Model-based optimization and life cycle analysis of battery hybrid maritime propulsion systems
The aim of the project is the economic and ecological evaluation and optimisation of the hybridisation of large maritime engines powered by e-Fuels. Although the use of e-Fuels can minimise the emission of pollutants over the entire chain from energy production to the provision of traction power, emissions still occur locally when fuel is burned. Therefore, the reduction potential of these local emissions by hybridisation of large engines with battery storage systems will be analysed.
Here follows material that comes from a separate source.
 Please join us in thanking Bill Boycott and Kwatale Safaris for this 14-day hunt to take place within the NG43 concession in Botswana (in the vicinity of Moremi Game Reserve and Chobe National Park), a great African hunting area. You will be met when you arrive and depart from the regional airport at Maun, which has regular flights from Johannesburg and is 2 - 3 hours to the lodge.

The investigations carried out for this purpose concentrate on the application cases "Plug-In Ferry" and "Hybrid Tugboat", which are particularly suitable for hybridisation due to the rapidly changing load requirements and standby phases.
To enable such an analysis, the first step is to determine a battery cell that is suitable for maritime applications. This is then analysed and characterised. For this purpose, procedures from the field of cell characterization for stationary and automotive applications are adopted and adapted to the specific requirements of large engines with synthetic fuels for maritime applications. Here, among other things, the requirements for the dynamics of the model as well as the type of use and the resulting ageing can differ from previous application scenarios.
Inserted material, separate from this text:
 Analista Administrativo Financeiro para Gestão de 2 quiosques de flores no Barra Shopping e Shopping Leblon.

In addition, an optimal interaction between the marine engine and battery storage must be ensured in the design simulation in order to determine the optimum battery size. Therefore, an operating strategy for the battery storage unit is being developed which can be integrated into the design simulation of. This algorithm evaluates different operating points of the battery ac-cording to ecological and economical aspects. Thus, each use of the battery causes a degradation, which is mapped by the ageing model of the battery. This degradation has to be weighed against the benefits of using the storage to enable an ideal operating strategy.
Finally, the life cycle impacts of the storage facility are determined in a life cycle analysis. Energy expenditure for the production of the storage facility, as well as for operation and disposal, is determined and systematically analysed with regard to various impact categories. In this way, it can be determined whether the use of a storage facility leads to a reduction in emissions over its entire service life. In addition, the influences of various boundary conditions, such as the electricity mix used in the manufacture of the system, can be quantified in order to be able to assess the suitability of a battery storage unit in the applications mentioned above.
01st October 2018 – 30th September 2021
The E2Fuels project is funded by the Federal Ministry of Economics and Energy (BMWi) under the funding code 03EIV011F as part of the research initiative "Energiewende im Verkehr".